The customer asked that the outer bands should be more at the same level as the center section, so I welded the center section a bit lower. I am proud to say that all the modifications were done as welding, either with the torch or the laser. There is no solder used on this ring.
The ring turned out great. The before looked great too. But now she has the ring that she wanted and we got to do it for her. Took a little more work to get there, but it was worth it.
This is a remounting of the customer’s diamonds from an invisible set princess cut and baguette ring and two round brilliant cut diamond bands. (I do not have a before picture). Invisible set rings look cool but can not take much abuse or much wear and tare. She was constantly having loose stones. She lost stones enough times to finally redo the ring. We channel and prong set the diamonds for a more secure setting method.
Since there was just a big void where the belly of the stone used to be, I had to make a new bridge to accept the base of the peg head. I laser tacked the bridge in place and soldered it in with “hard” solder. Hard solder has a higher melting temperature then the “easy” solder which I was going to be using in the next soldering step. With small brushes, I polished the bridge. The prongs of her existing mounting were in great shape so I kept her stone in the crown and transferred it over the new ring. I knew I could solder the head in place with “easy” solder without fear of unsoldering the bridge from its place.

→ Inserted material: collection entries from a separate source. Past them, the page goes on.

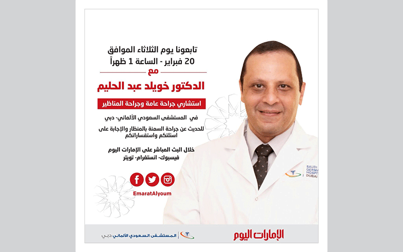 تابعونا، اليوم في تمام الساعة الواحدة ظهرا، في بث مباشر مع استشاري الجراحة العامة وجراحة المناظير الدكتور خويلد عبدالحليم، في المستشفى السعودي الألماني - دبي للحديث والإجابة على اسئلتكم واستفساراتكم عن جراحة السمنة بالمنظار.
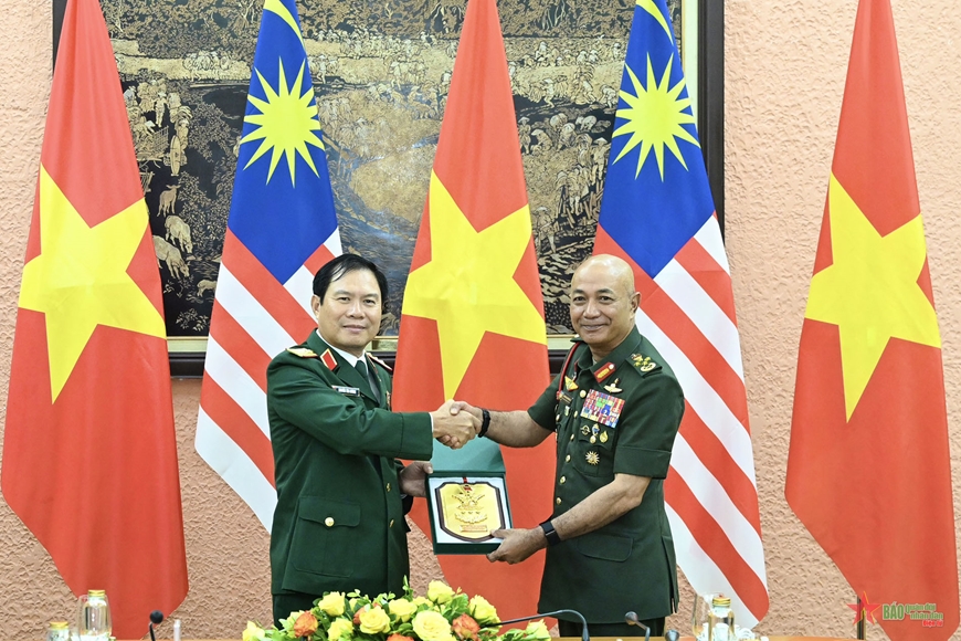 Thượng tướng Nguyễn Tân Cương trao quà lưu niệm tặng Đại tướng Tan Sri Datuk Seri Mohammad bin Ab Rahman. Ảnh: Việt Trung/qdnd.vn
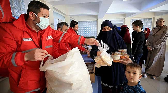Afet Yönetimi Müdürlüğünde hazırlanan üç öğün yemek, kişi sayısına göre paketleniyor. Yemekler, Dışişleri Bakanlığının organizasyonuyla tahliye edilen Kırım Tatar Türklerinin misafir edildiği Kredi ve Yurtlar Kurumuna getiriliyor.
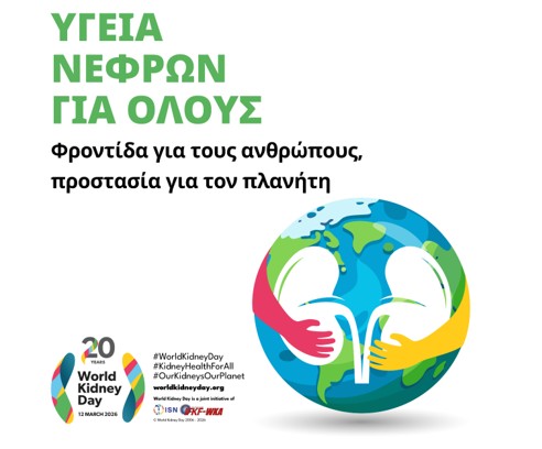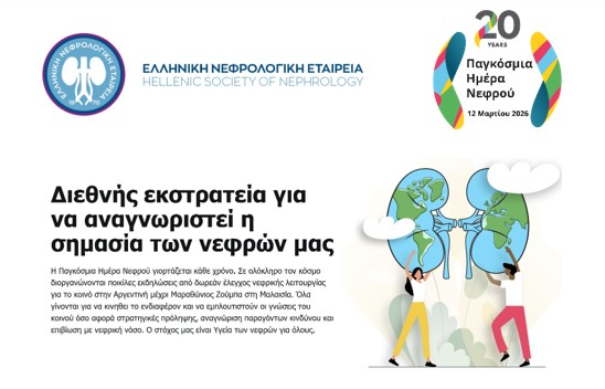 Η Παγκόσμια Ημέρα Νεφρού γιορτάζεται από το 2006 κάθε δεύτερη Πέμπτη του Μαρτίου με στόχο την ευαισθητοποίηση του κοινού για τη Χρόνια Νεφρική Νόσο (ΧΝΝ). Φέτος, η ημέρα αποκτά ιδιαίτερη σημασία για την Ελλάδα, καθώς συνδέεται με την υλοποίηση του προγράμματος «Προλαμβάνω», που στοχεύει στον έλεγχο νεφρικής δυσλειτουργίας με αποστολή παραπεμπτικών μέσω SMS σε ομάδες υψηλού κινδύνου, όπως ασθενείς με Σακχαρώδη Διαβήτη, Αρτηριακή Υπέρταση, Καρδιαγγειακή νόσο ή Παχυσαρκία. Οι δωρεάν προληπτικές εξετάσεις περιλαμβάνουν αίμα (κρεατινίνη) και ούρα (πηλίκο λευκωματίνης/κρεατινίνης).
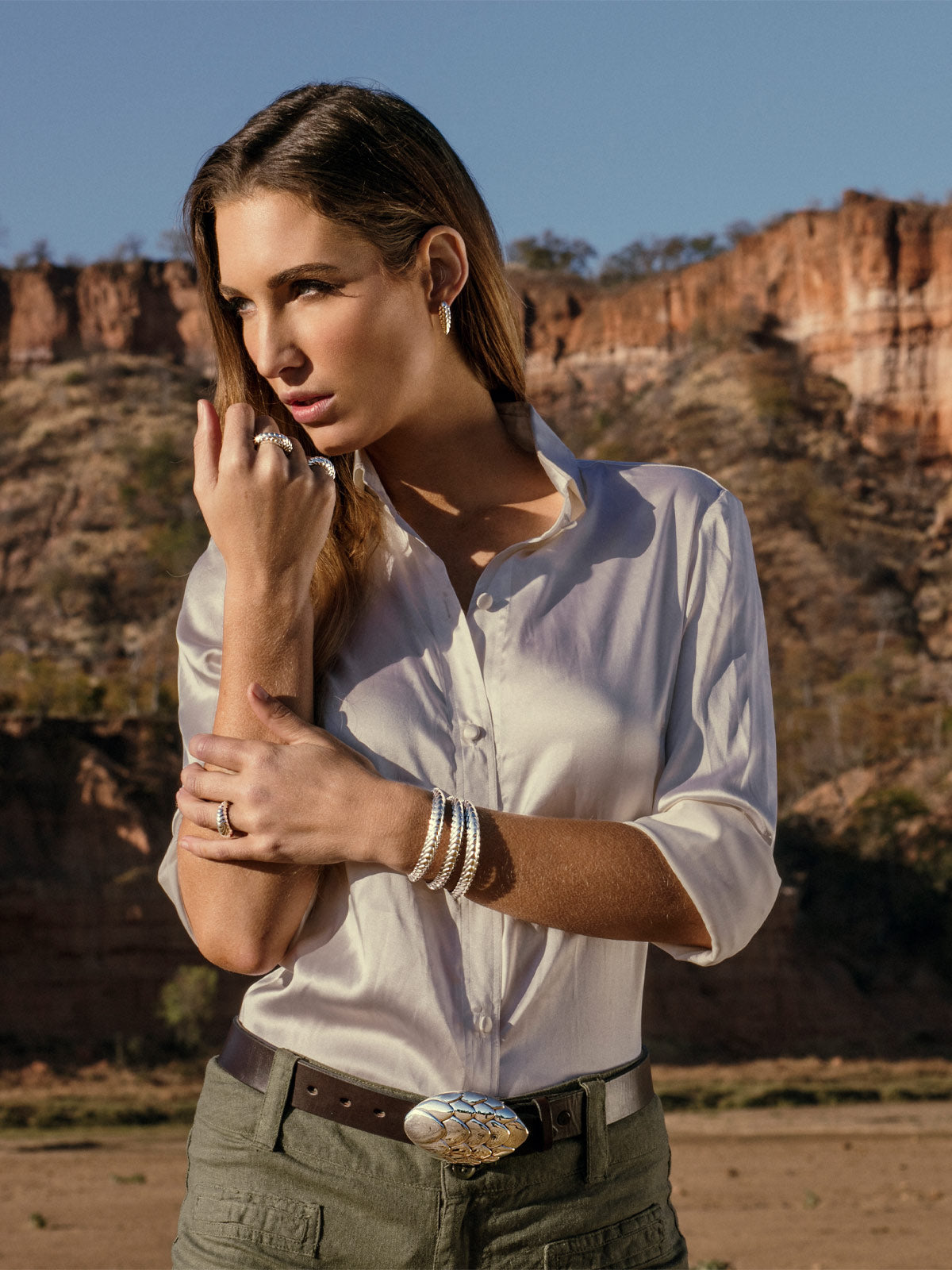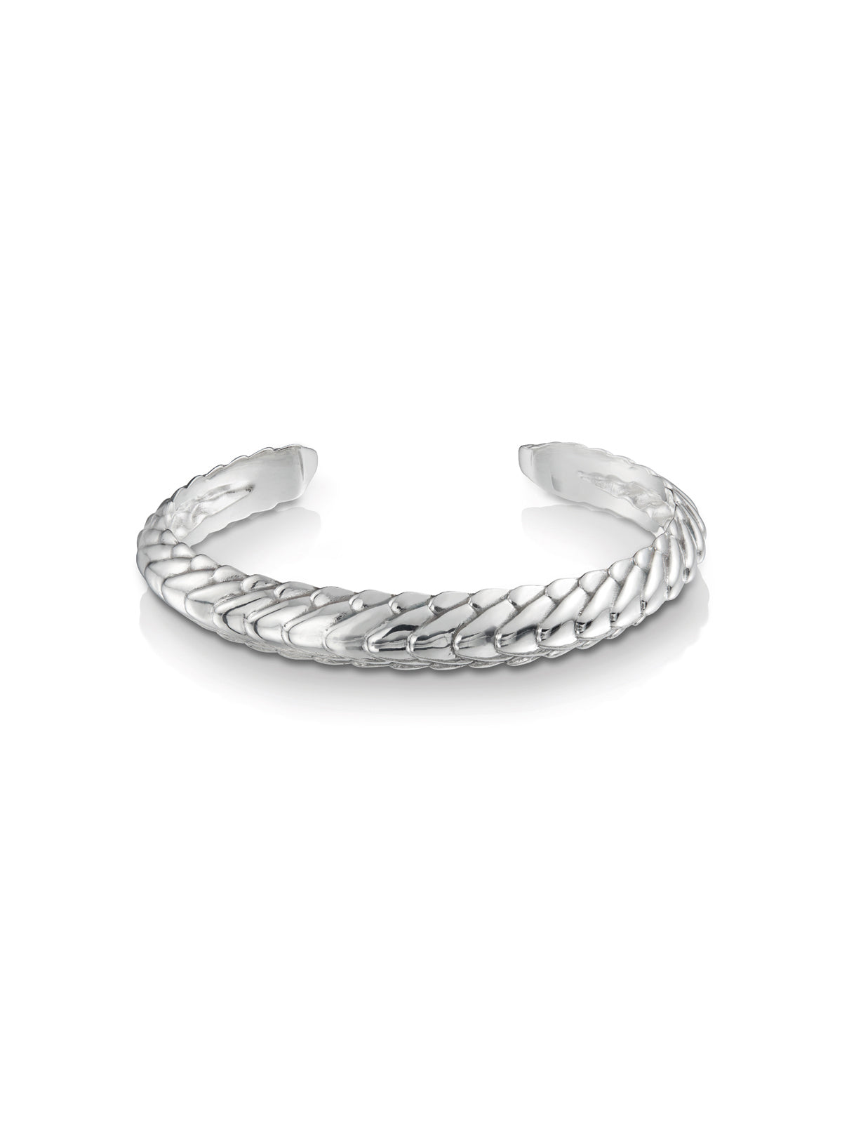 The family behind Zimbabwean brand, Patrick Mavros, continue to pay tribute to sub-Saharan animals throughout their collection; this time with the distinctive Pangolin Stacking Cuff. Handmade in Mauritius from recycled sterling silver, the texture of this elegant wristpiece resembles the pangolin mammal's intricate scales. Wear individually or try stacking with multiple cuffs for a stand-out result.
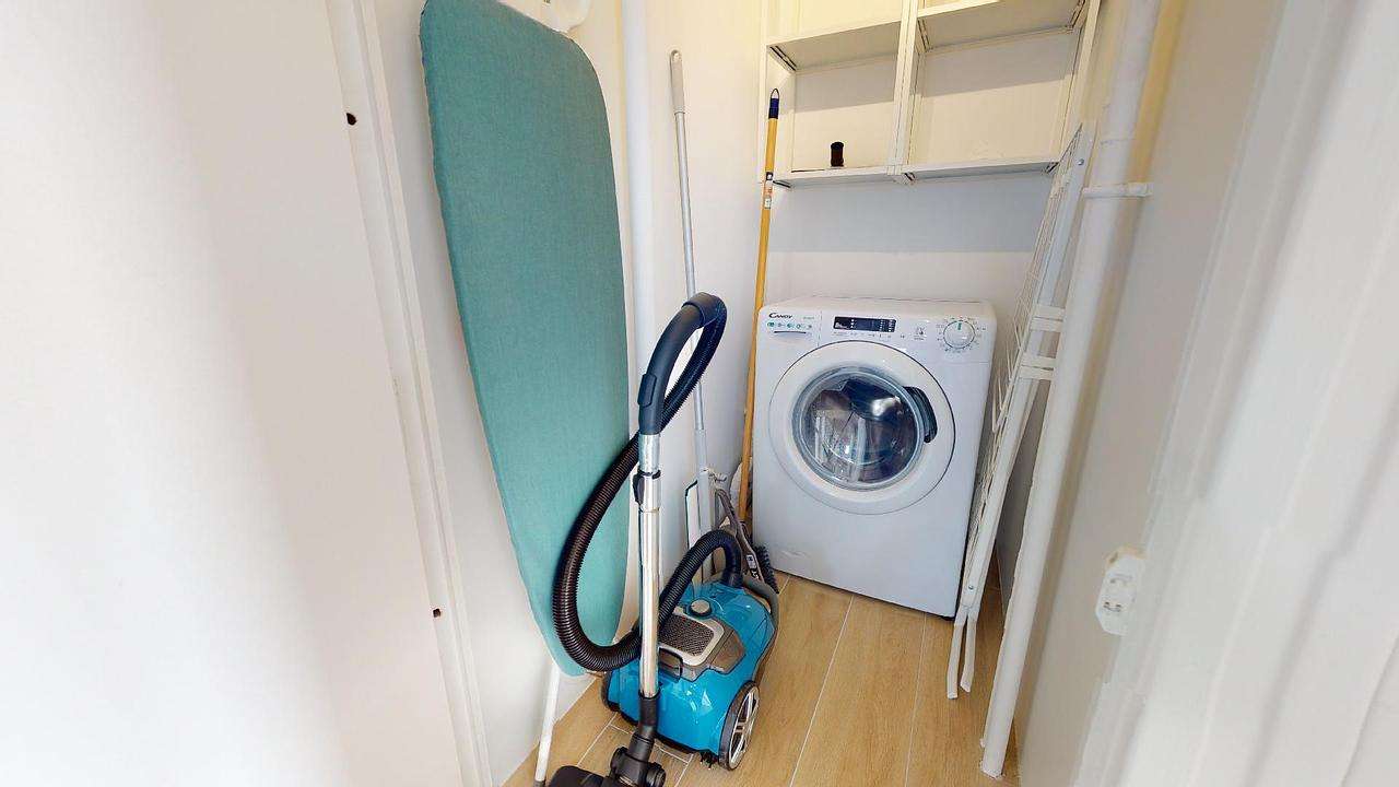 Enfin le logement dispose de deux salles de bain. La première dispose d’un meuble vasque, d’une douche et d’un porte serviette. La seconde est plus grande et dispose d’une machine à laver, d’une douche, d’un meuble vasque, d’un wc et d’un meuble étagère. À noter la présence d’une seconde machine à laver dans un petit espace buanderie. L’ensemble des parties communes sont à la disposition des colocataires, il convient de mettre en place une organisation qui sied à tous.
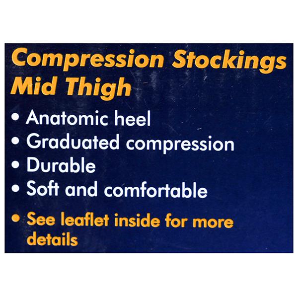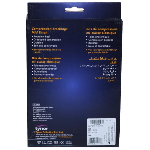 Tynor Mid thigh Compression Stockings provide controlled compression to the legs to squeeze abnormal back flow of blood towards the heart. They provide requisite pressure to the superficial affected veins.
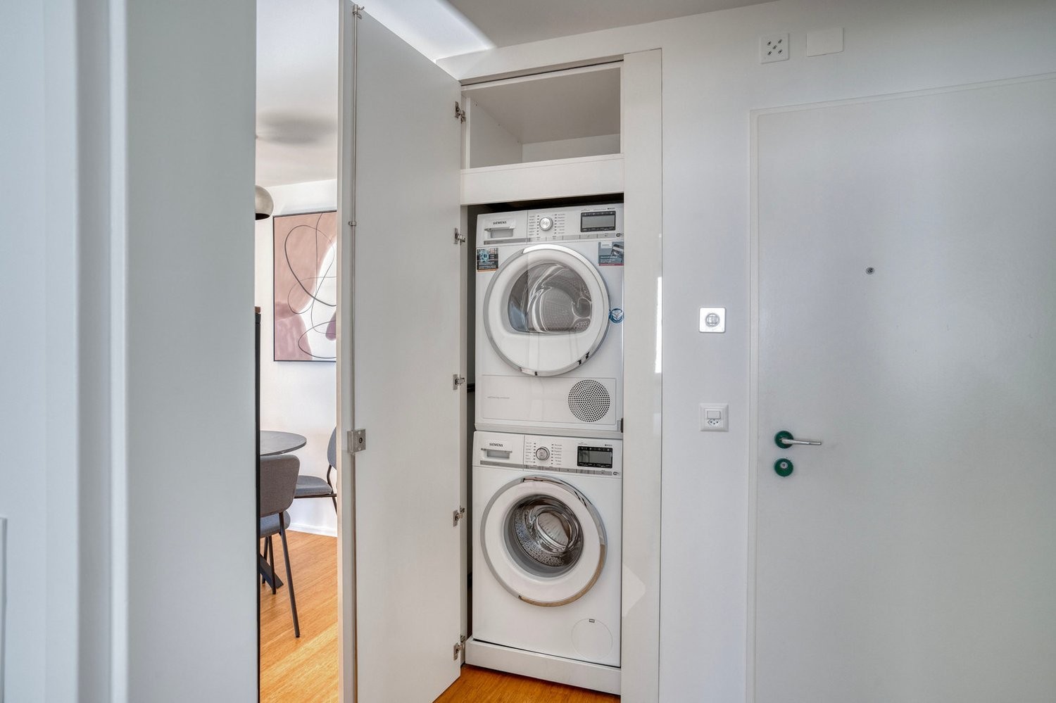Durchdachtes Design mit maßgeschneiderten Oberflächen und moderner Einrichtung, und eine voll ausgestattete Küche, Sie werden das „Ich bin zu Hause“-Gefühl mit diesem Blueground Wohnung genießen. Egal, ob Sie in Ihrem schön Wohnzimmer die neuesten und besten Unterhaltungssendungen über den Smart-TV oder den kabellosen Premium-Lautsprecher streamen oder sich auf der hochwertigen Matratze ausruhen – Sie werden sich in alles verlieben, was dieses Wallisellen Wohnung zu bieten hat. Diese Wohnung bietet auch Wäscherei in der Wohnung.
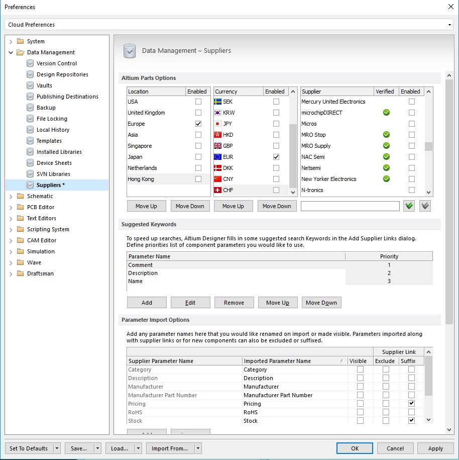 Some very important suppliers are missing for Europe, such as Mouser or Digikey.
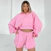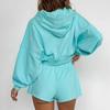 Conjunto casual deportivo de dos piezas con capucha y cremallera, sudadera corta y shorts, nuevo de Otoño e Invierno 2025 para mujer, estilo europeo y americano transfronterizo.
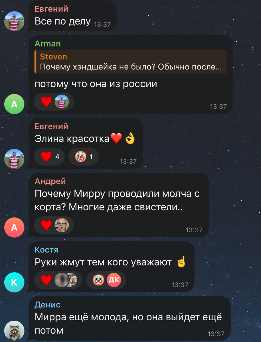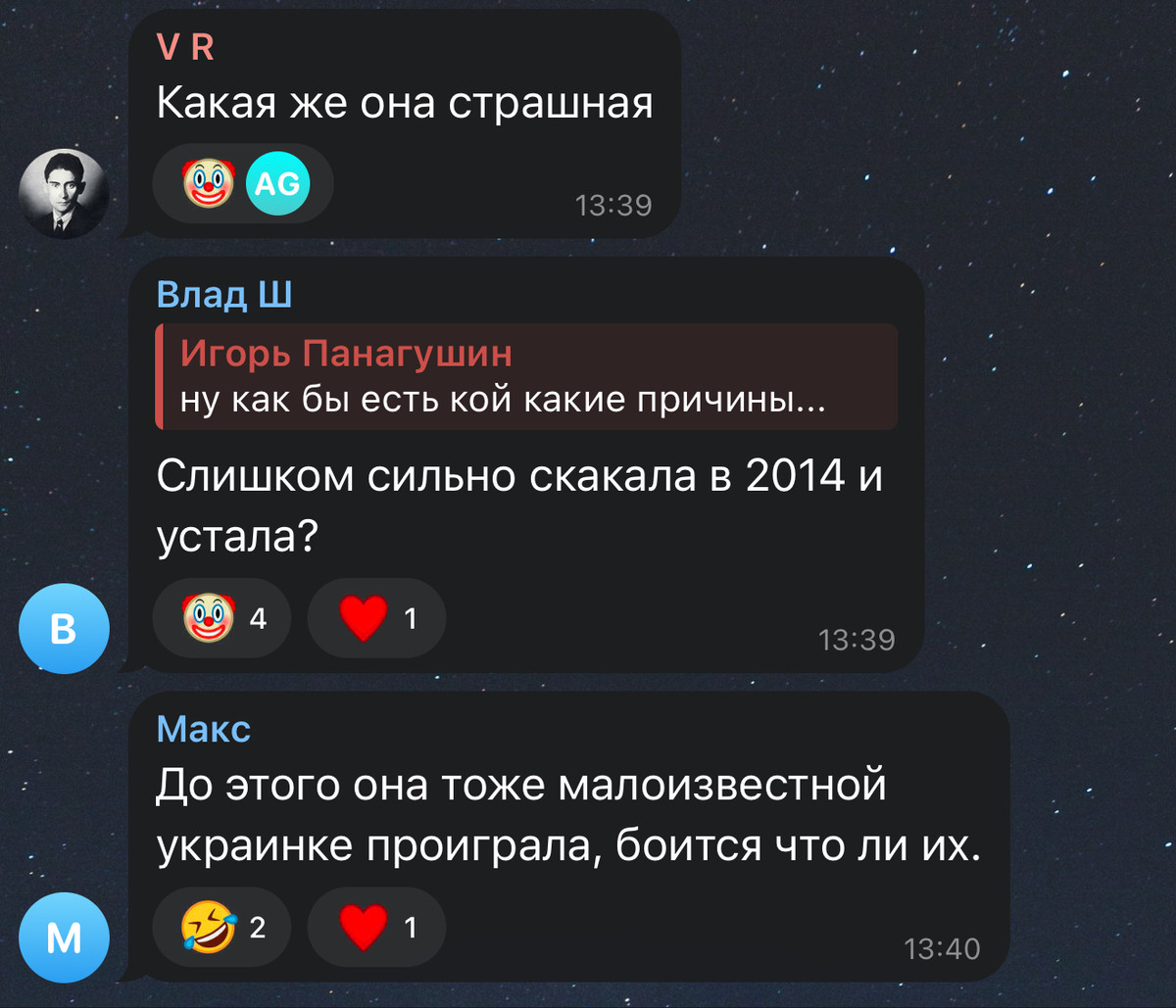 У коментарях росіяни писали, що Світоліна дійсно тенісистка топ-рівня, проти українок грати надзвичайно складно, і що російські спортсменки часто їм програють і вже відверто бояться таких матчів
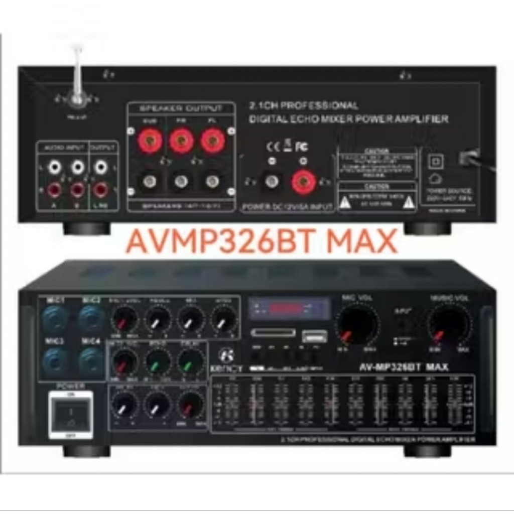 Amplifier karaoke Home Theater AV 326BT MAX Amplifier Bluetooth 5.2 Audio AV-326BT MAX Channel 2.1 Full Bas Subwoofer

The customer wanted us to remake his favorite yellow and white gold ring in all white gold. To save him some money, I suggested that we cut off the top plate of the existing ring and use it in the new ring since the setting was performed well and it was still in good shape. I carved a wax around the diamond encrusted plate. We cast it in super white 14K gold and soldered the plate on top. Turned out great.
Denice always regretted setting a peridot in her ring when the original trillion blue zircon, got damaged.
I told her, that in the event we could not find a new blue zircon trillion cut stone in budget, we could rework the ring to accommodate a different shape stone.
We found a nice round stone that she was happy with.
I got to work, first, cutting off the old trillion gallery.
It left a huge hole and seat that needed to be filled. I did a controlled melt of white gold to fill the hole. I slowly brought the ring to the melting point and added beads of gold. Then pulled back the flame. I kept adding small beads of white gold until it was filled in. No solder was used.
I grind, sanded and shaped the area smooth.
I lasered on a fabricated “donut” of gold for the new seat/gallery.
I tack lasered on a big prong and then soldered it in place.
I cut a seat and set the stone.
Cleaned up and polished. The ring does not look like it went through a major remodel.
This is a popular design that we have been doing in remounting a marquise.
The clean lines and modern design freshens up a diamond shape that was very popular in the 80’s/90’s. The fashion pendulum always swings and the marquise may see a revival.
Channel setting the marquise on it’s short side is unconventional. I would not suggest setting it this way in a ring. A pendant or earrings don’t take the abuse that a ring undergoes. In a ring, the exposed points of the marquise would catch on things and would constantly teeter-totter itself loose.